What is required: Please produce a character-exact copy of the listing that follows, omitting all images.

Records to use:
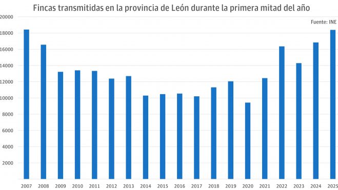 En concreto, a lo largo del primer semestre de 2025, el INE contabiliza en León más de 18.000 transmisiones de fincas. Concretamente, 18.385 operaciones que constituyen el dato más alto desde 2007, cuando se alcanzó un número prácticamente idéntico: 18.428, justo antes del estallido de la burbuja del mercado inmobiliario que sacudió la economía durante años.
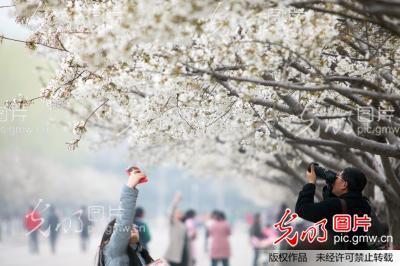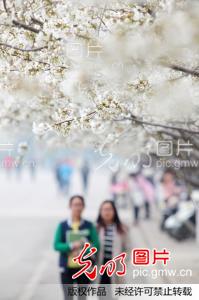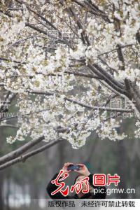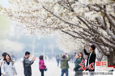 2016年3月15日,河南许昌,游客在bet36体育在线樱花大道上赏樱花。
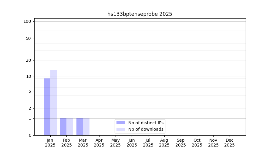 Number of downloads for annotation package hs133bptenseprobe, year by year, from 2025 back to 2014 (years with no downloads are omitted):
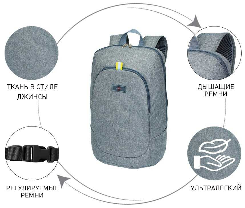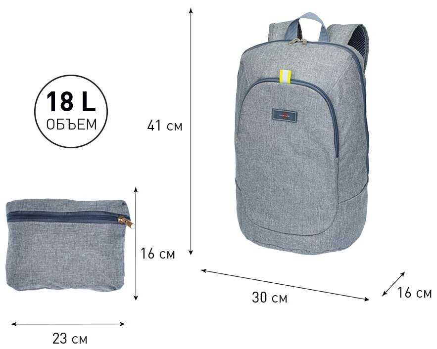 - + удобный небольшой тканевой рюкзачок городского типа. Если немного мелочей с собой - то, что нужно. Покупал для поездки на отдых, он хорошо себя зарекомендовал. естьтвнутренний кармашек на молнии, он же чехол для складывания. 2 заздельных отделения.
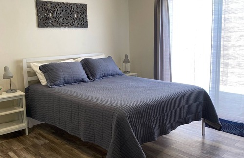 The space has a queen bed with a Casper mattress and a pull-out ottoman that can be converted to a 3rd bed or kept as a chair. There is a 65" TV, table/desk combo, a full bathroom, a full kitchen with a stove-top and a full-sized refrigerator/freezer along with a microwave/convection oven combo. Kitchen includes, blender, toaster, coffee maker, silverware, plates, cups, bowls, pans, baking sheets, crock pot, rice maker and much more.
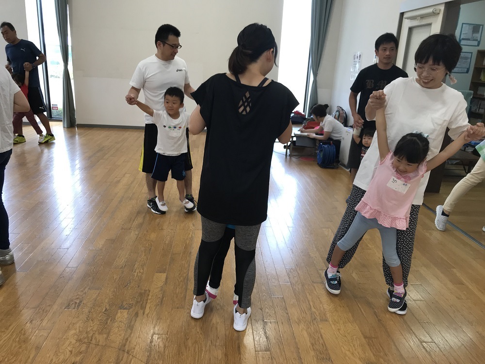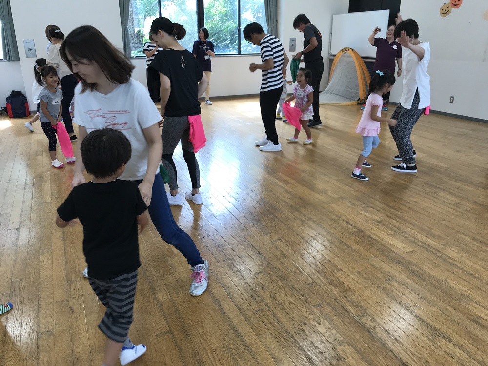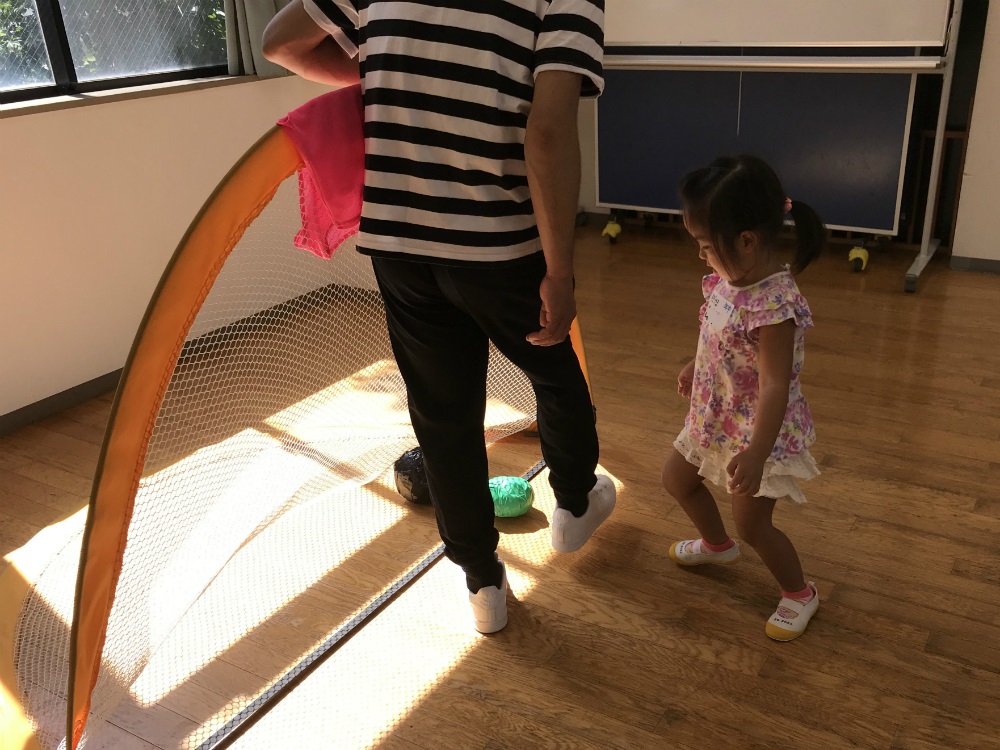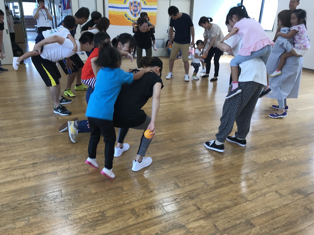 親子でできる運動遊びのメニューから、保護者の足の上に子どもの足を乗せ人間ロボットで動いたり、保護者が長座している周りを走りながらジャンプしたり、保護者のしっぽを取ったりする遊びを行いました。また、親子で協力して作ったボールでキャッチボールをしたり、保護者が作った腕の輪をバスケットのリングに見立て、バスケットのようにボールを投げて入れたりと終始笑顔で活動していました。そして最後はサッカー親子対決で、気持ちの良い汗を流しました。
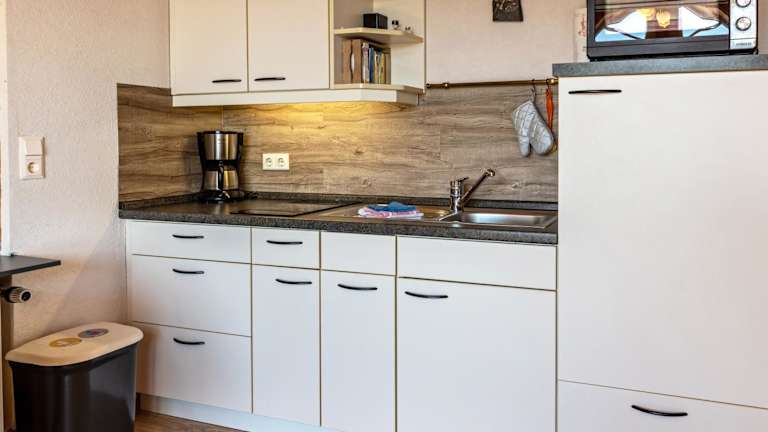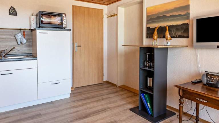 Die Ferienwohnung verfügt über eine eigene Küche, die mit einem Kühlschrank und einem Ofen ausgestattet ist, sodass Selbstverpflegung möglich ist.
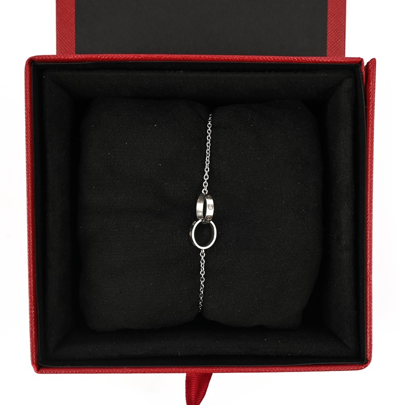 CARTIER, A WHITE GOLD 'LOVE' BRACELET, centring on two interlocking oval links detailed with screw motifs, to a fine-link white gold chain, signed Cartier and numbered IQ9260, Italian control mark, length 18.5cm, case

Answer space:
 En concreto, a lo largo del primer semestre de 2025, el INE contabiliza en León más de 18.000 transmisiones de fincas. Concretamente, 18.385 operaciones que constituyen el dato más alto desde 2007, cuando se alcanzó un número prácticamente idéntico: 18.428, justo antes del estallido de la burbuja del mercado inmobiliario que sacudió la economía durante años.
 2016年3月15日,河南许昌,游客在bet36体育在线樱花大道上赏樱花。
 Number of downloads for annotation package hs133bptenseprobe, year by year, from 2025 back to 2014 (years with no downloads are omitted):
 - + удобный небольшой тканевой рюкзачок городского типа. Если немного мелочей с собой - то, что нужно. Покупал для поездки на отдых, он хорошо себя зарекомендовал. естьтвнутренний кармашек на молнии, он же чехол для складывания. 2 заздельных отделения.
 The space has a queen bed with a Casper mattress and a pull-out ottoman that can be converted to a 3rd bed or kept as a chair. There is a 65" TV, table/desk combo, a full bathroom, a full kitchen with a stove-top and a full-sized refrigerator/freezer along with a microwave/convection oven combo. Kitchen includes, blender, toaster, coffee maker, silverware, plates, cups, bowls, pans, baking sheets, crock pot, rice maker and much more.
 親子でできる運動遊びのメニューから、保護者の足の上に子どもの足を乗せ人間ロボットで動いたり、保護者が長座している周りを走りながらジャンプしたり、保護者のしっぽを取ったりする遊びを行いました。また、親子で協力して作ったボールでキャッチボールをしたり、保護者が作った腕の輪をバスケットのリングに見立て、バスケットのようにボールを投げて入れたりと終始笑顔で活動していました。そして最後はサッカー親子対決で、気持ちの良い汗を流しました。
 Die Ferienwohnung verfügt über eine eigene Küche, die mit einem Kühlschrank und einem Ofen ausgestattet ist, sodass Selbstverpflegung möglich ist.
 CARTIER, A WHITE GOLD 'LOVE' BRACELET, centring on two interlocking oval links detailed with screw motifs, to a fine-link white gold chain, signed Cartier and numbered IQ9260, Italian control mark, length 18.5cm, case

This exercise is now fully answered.